Pasal 1(8) UU No. 30/2004 mengatur “Minuta akta adalah asli akta Notaris” sebagaimana dalam UU No. 2/2014 diubah menjadi “Minuta Akta adalah asli Akta yang mencantumkan tanda tangan Para Penghadap, saksi, dan Notaris, yang disimpan sebagai bagian dari protokol Notaris”. Berdasarkan pengertian tersebut berarti tanda tangan ketiga unsur/pihak tersebut harus ada dalam minuta akta. Substansi Pasal 1 (8) dalam UU No. 30/2004 dan UU No. 2/2014 berbeda. Dalam UU No. 30/2004, Pasal 1 angka 8 tersebut tidak menegaskan bahwa Minuta Akta harus mencantumkan tanda tangan Penghadap, yang berarti bahwa Penghadap boleh membubuhkan sidik jari baik yang mampu tanda tangan maupun yang tidak mampu untuk tanda tangan, ataupun Penghadap boleh mencantumkan kedua-duanya sebagai kehati-hatian Notaris. Namun, Pasal 1 angka (8) UU No. 2/2014 menegaskan keharusan mencantumkan tanda tangan sebagaimana tersebut diatas. Pasal 1 angka (8) UU No. 2/2014 tidak menegaskan mengenai Penghadap yang tidak mampu untuk tanda tangan. Namun, Pasal tersebut harus dihubungkan dengan Pasal 16 (1) c UU No. 2/2014. Pasal 16 (1) c UU No. 2/2014 mengatur “Dalam menjalankan jabatannya, Notaris wajib melekatkan surat dan dokumen serta sidik jari penghadap pada Minuta Akta”.
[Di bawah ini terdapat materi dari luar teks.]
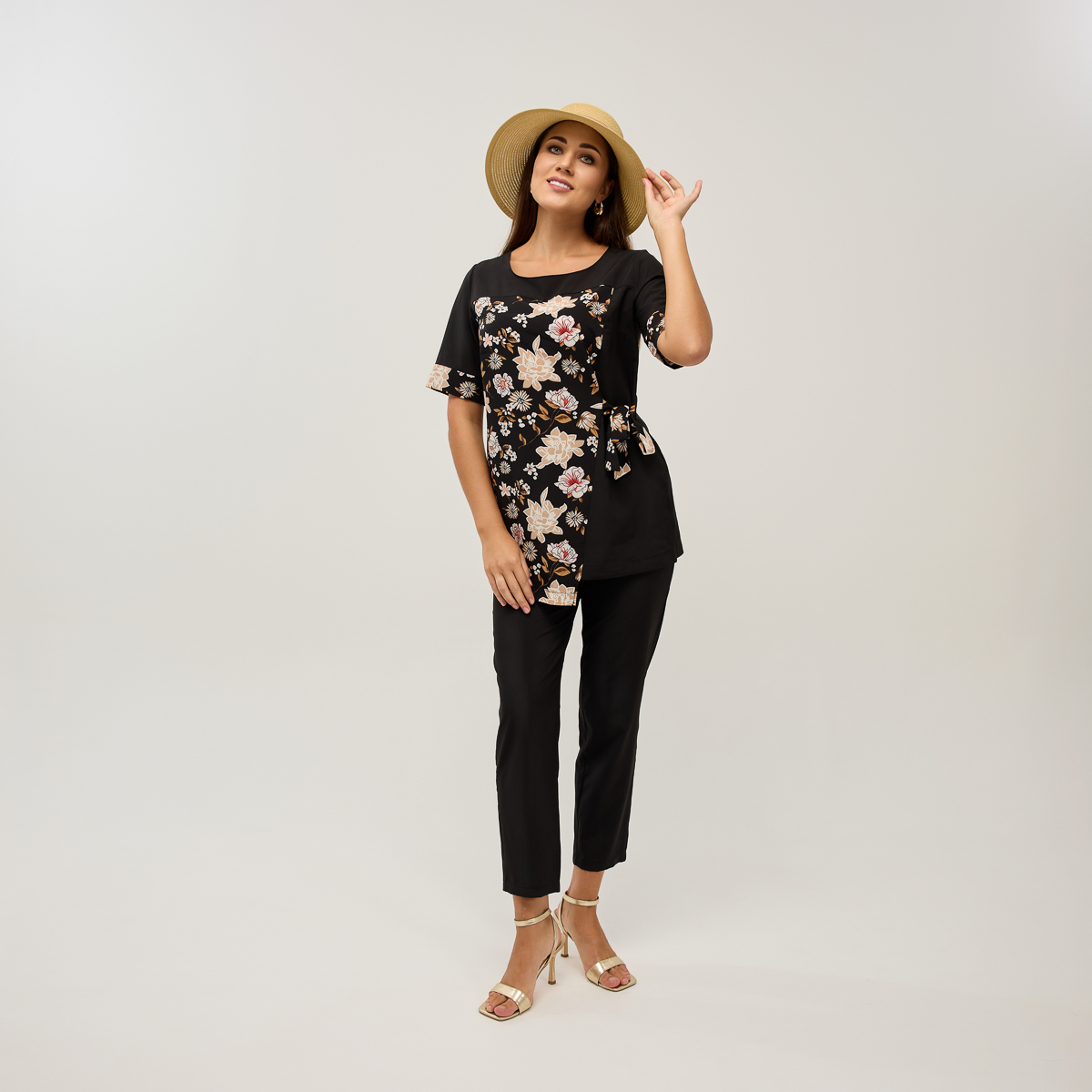 Ребекка - костюм, який миттєво додасть вишуканості вашому образу! Пошитий з неймовірно м'якої та легкої тканини. Унікальний крій блузки підійде для будь-якого типу фігури та підкреслить її жіночу привабливість. Квітковий малюнок додасть свіжості, а скорочені, легко облягаючі брюки з кишенями акцентують увагу на вишуканості ваших ніг.

Pasal itu tidak tegas mengatur mengenai prosedur pembubuhan sidik jari apakah menggunakan minuta akta yang dilekatkan lembaran kertas tersendiri, selain itu juga tidak

dijelaskan mengenai siapa yang wajib membubuhkan sidik jari tersebut, apakah seluruh penghadap walaupun telah menandatangani minuta akta ataukah yang tidak mampu tanda tangan saja. Mengenai seluruh sidik jari tangan atau sidik jari tertentu saja yang digunakan juga tidak diatur dalam Pasal tersebut. Mengenai hal tersebut, terdapat beberapa pendapat atau penafsiran mengenai Pasal 16 ayat 1 (c), yaitu:

  • 1.    “Penghadap yang bisa tanda tangan tetap membubuhkan tanda tangannya pada lembar kertas/lembaran Minuta Akta, juga untuk membubuhkan sidik jarinya dengan penghadap yang tidak bisa membubuhkan tanda tangannya pada kertas/lembaran tersendiri (lembaran kertas yang sama atau dibuat untuk tiap penghadap) yang akan dilekatkan pada Minuta Akta yang bersangkutan. Dengan kata lain, untuk penghadap yang bisa tanda tangan, tetap membubuhkan tanda tangan dan sidik jarinya.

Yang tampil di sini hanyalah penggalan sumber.